Scenario 2: Weighted routing between providers

  1. Create a file named LLMProvider-moonshot.yaml with the following content.

    apiVersion: istio.alibabacloud.com/v1beta1
    kind: LLMProvider
    metadata:  
      name: moonshot
    spec:
      host: api.moonshot.cn # This must be unique among providers.
      path: /v1/chat/completions
      configs:
        defaultConfig:
          openAIConfig:
            model: moonshot-v1-8k
            stream: false
            apiKey: ${YOUR_MOONSHOT_API_KEY}
  2. Run the following command to create the LLMProvider for Moonshot.

    kubectl --kubeconfig=${PATH_TO_ASM_KUBECONFIG} apply -f LLMProvider-moonshot.yaml
  3. Create a file named demo-llm-server.yaml with the following content.

    apiVersion: v1
    kind: Service
    metadata:
      name: demo-llm-server
      namespace: default
    spec:
      ports:
      - name: http
        port: 80
        protocol: TCP
        targetPort: 80
      selector:
        app: none
      type: ClusterIP
  4. Run the following command to create the demo-llm-server service.

    kubectl apply -f demo-llm-server.yaml
  5. Update the LLMRoute.yaml file with the following content.

    apiVersion: istio.alibabacloud.com/v1beta1
    kind: LLMRoute
    metadata:
      name: demo-llm-server
      namespace: default
    spec:
      host: demo-llm-server
      rules:
      - backendRefs:
        - providerHost: dashscope.aliyuncs.com
          weight: 50
        - providerHost: api.moonshot.cn
          weight: 50
        name: migrate-rule
  6. Run the following command to update the LLMRoute routing rule.

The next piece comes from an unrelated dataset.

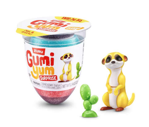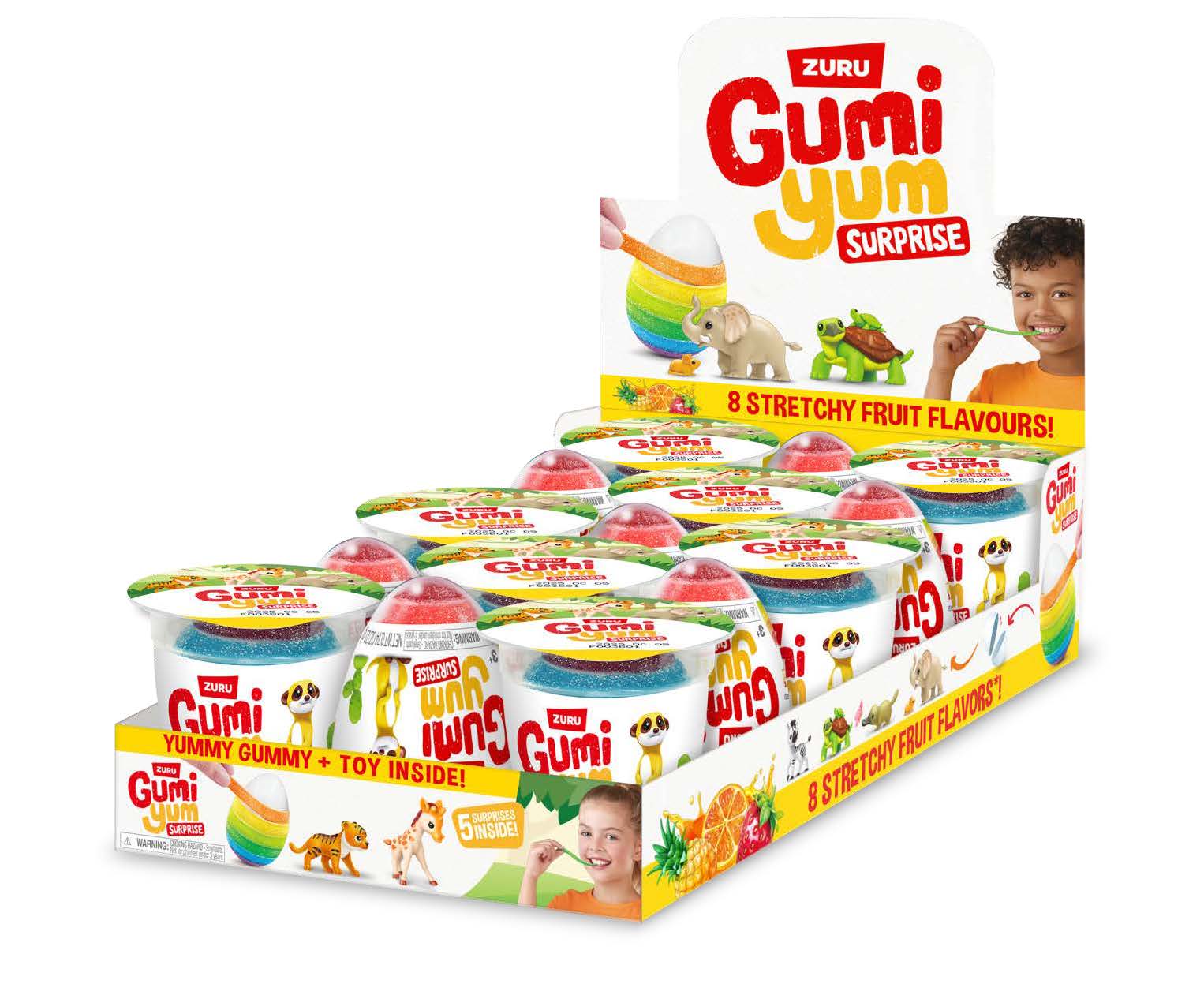 Gumi Yum Surprise Wildlife comes in a display case containing 15 individual cups of stretchy gummy candy. Each cup features colorful fruit-flavored gummy candy plus a collectible wildlife toy surprise hidden inside.

    kubectl --kubeconfig=${PATH_TO_ASM_KUBECONFIG} apply -f LLMRoute.yaml
  7. Run the following command multiple times.

    kubectl exec deployment/sleep -it -- curl --location 'http://demo-llm-server' --header 'Content-Type: application/json' --data '{
        "messages": [
            {"role": "user", "content": "Please introduce yourself."}
        ]
    }' 

    Expected output:

    {"id":"cmpl-cafd47b181204cdbb4a4xxxxxxxxxxxx","object":"chat.completion","created":1720687132,"model":"moonshot-v1-8k","choices":[{"index":0,"message":{"role":"assistant","content":"Hello! I am an AI language model named Kimi. My main function is to help people generate human-like text. I can write articles, answer questions, provide advice, and more. I am trained on a massive amount of text data, so I can generate a wide variety of text. My goal is to help people communicate more effectively and solve problems."},"finish_reason":"stop"}],"usage":{"prompt_tokens":11,"completion_tokens":59,"total_tokens":70}}
    
    {"choices":[{"message":{"role":"assistant","content":"Hello! I am Qwen, a pre-trained language model developed by Alibaba Cloud. My purpose is to assist users in generating various types of text, such as articles, stories, poems, and answering questions by leveraging my extensive knowledge and understanding of context. Although I'm an AI, I don't have a physical body or personal experiences like human beings do, but I've been trained on a vast corpus of text data, which allows me to engage in conversations, provide information, or help with various tasks to the best of my abilities. So, feel free to ask me anything, and I'll do my best to provide helpful and informative responses!"},"finish_reason":"stop","index":0,"logprobs":null}],"object":"chat.completion","usage":{"prompt_tokens":12,"completion_tokens":130,"total_tokens":142},"created":1720687164,"system_fingerprint":null,"model":"qwen1.5-72b-chat","id":"chatcmpl-2443772b-4e41-9ea8-9bed-xxxxxxxxxxxx"}

    The output shows that requests are distributed evenly between Moonshot and Alibaba Cloud Model Studio.